When I run it with ENABLE_PREFETCH disabled, this is the output:
bytes = 4294967296
Starting Data Transpose... Done
Time: 0.822 seconds
Press any key to continue . . .
So there's a 13% speedup from prefetching.
EDIT:
Here's some more results:
Operating System: Windows 7 Professional/Ultimate
Compiler: Visual Studio 2010 SP1
Compile Mode: x64 Release
Intel Core i7 860 # 2.8 GHz, 8 GB DDR3 # 1333 MHz
Prefetch : 0.868
No Prefetch: 0.960
Intel Core i7 920 # 3.5 GHz, 12 GB DDR3 # 1333 MHz
Prefetch : 0.725
No Prefetch: 0.822
Intel Core i7 2600K # 4.6 GHz, 16 GB DDR3 # 1333 MHz
Prefetch : 0.718
No Prefetch: 0.796
2 x Intel Xeon X5482 # 3.2 GHz, 64 GB DDR2 # 800 MHz
Prefetch : 2.273
No Prefetch: 2.666
Binary search is a simple example that could benefit from explicit prefetching. The access pattern in a binary search looks pretty much random to the hardware prefetcher, so there is little chance that it will accurately predict what to fetch.

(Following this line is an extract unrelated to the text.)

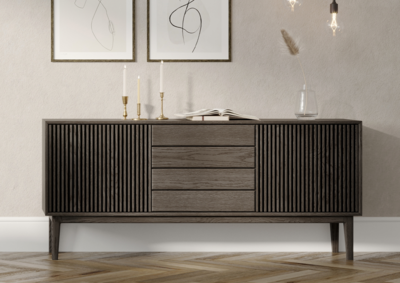 Skjenken er utstyrt med to dører og fire skuffer i midten – alle med push-open funksjon som gjør håndtak overflødige. De dekorative lamell-dørene gir en fin dybdefølelse og skaper et levende fargespill i treverket. Den glatte overflaten på skuffefrontene og det rene uttrykket i skroget understreker det moderne preget.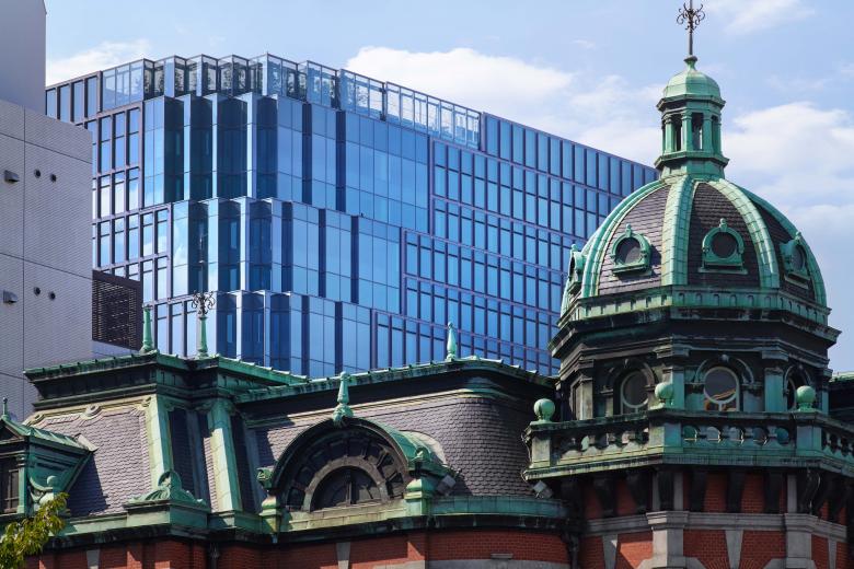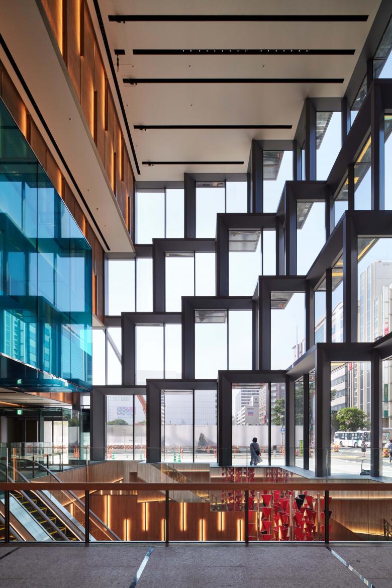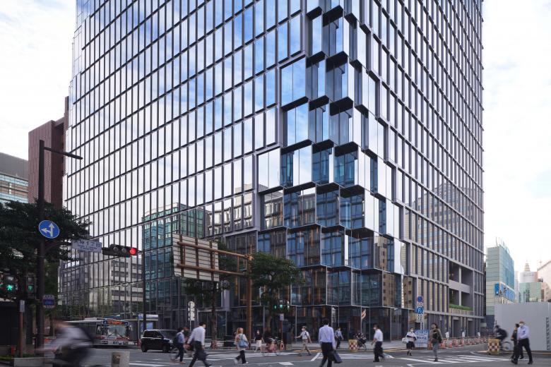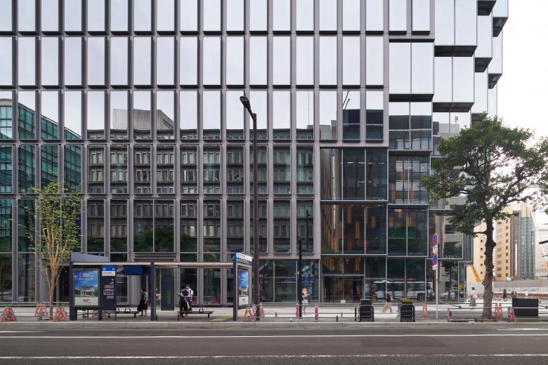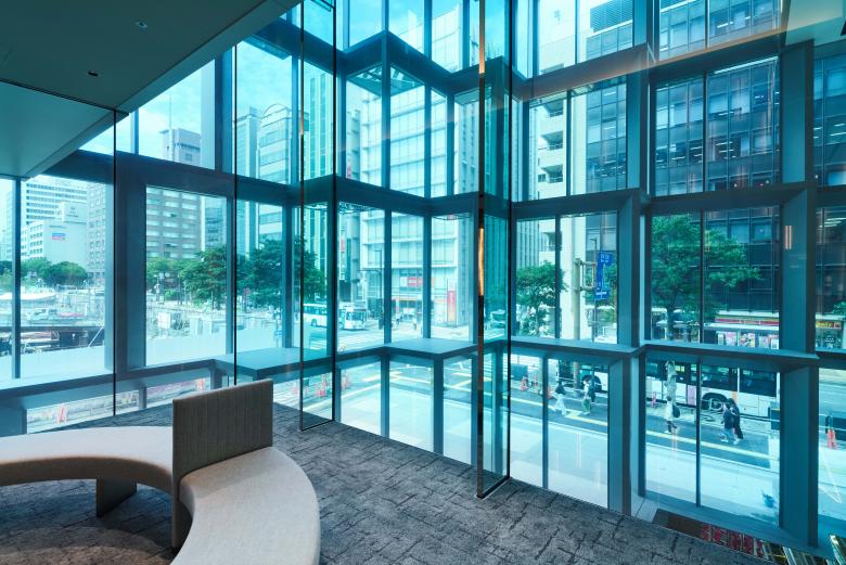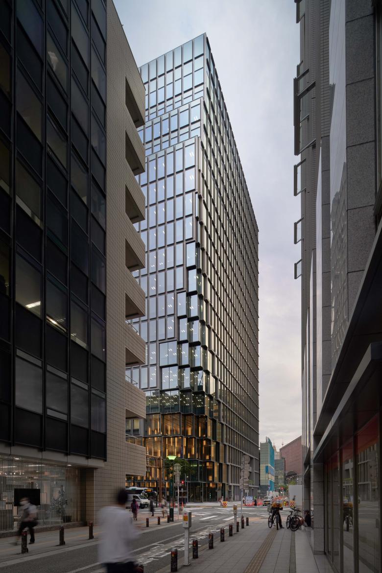 The site is located at the intersection of two major axes: Meiji-dori—the city’s established avenue of commerce lined with financial offices—and Inabacho-dori—an organic pedestrian corridor linked to the City Hall Plaza and Galleria and lined with intimate cafes. Below ground, the site connects to a subway station and shopping concourse. The building program is predominantly workspace, within a given massing that is neither low-rise nor tower.

In this example, I prefetch the two possible 'middle' locations of the next loop iteration in the current iteration. One of the prefetches will probably never be used, but the other will (unless this is the final iteration).
#include <time.h>
#include <stdio.h>
#include <stdlib.h>
int binarySearch(int *array, int number_of_elements, int key) {
int low = 0, high = number_of_elements-1, mid;
while(low <= high) {
mid = (low + high)/2;
#ifdef DO_PREFETCH
// low path
__builtin_prefetch (&array[(mid + 1 + high)/2], 0, 1);
// high path
__builtin_prefetch (&array[(low + mid - 1)/2], 0, 1);
#endif
if(array[mid] < key)
low = mid + 1;
else if(array[mid] == key)
return mid;
else if(array[mid] > key)
high = mid-1;
}
return -1;
}
int main() {
int SIZE = 1024*1024*512;
int *array = malloc(SIZE*sizeof(int));
for (int i=0;i<SIZE;i++){
array[i] = i;
}
int NUM_LOOKUPS = 1024*1024*8;
srand(time(NULL));
int *lookups = malloc(NUM_LOOKUPS * sizeof(int));
for (int i=0;i<NUM_LOOKUPS;i++){
lookups[i] = rand() % SIZE;
}
for (int i=0;i<NUM_LOOKUPS;i++){
int result = binarySearch(array, SIZE, lookups[i]);
}
free(array);
free(lookups);
}
When I compile and run this example with DO_PREFETCH enabled, I see a 20% reduction in runtime:
$ gcc c-binarysearch.c -DDO_PREFETCH -o with-prefetch -std=c11 -O3
$ gcc c-binarysearch.c -o no-prefetch -std=c11 -O3
$ perf stat -e L1-dcache-load-misses,L1-dcache-loads ./with-prefetch
Performance counter stats for './with-prefetch':
356,675,702 L1-dcache-load-misses # 41.39% of all L1-dcache hits
861,807,382 L1-dcache-loads
8.787467487 seconds time elapsed
$ perf stat -e L1-dcache-load-misses,L1-dcache-loads ./no-prefetch
Performance counter stats for './no-prefetch':
382,423,177 L1-dcache-load-misses # 97.36% of all L1-dcache hits
392,799,791 L1-dcache-loads
11.376439030 seconds time elapsed
Notice that we are doing twice as many L1 cache loads in the prefetch version. We're actually doing a lot more work but the memory access pattern is more friendly to the pipeline. This also shows the tradeoff. While this block of code runs faster in isolation, we have loaded a lot of junk into the caches and this may put more pressure on other parts of the application.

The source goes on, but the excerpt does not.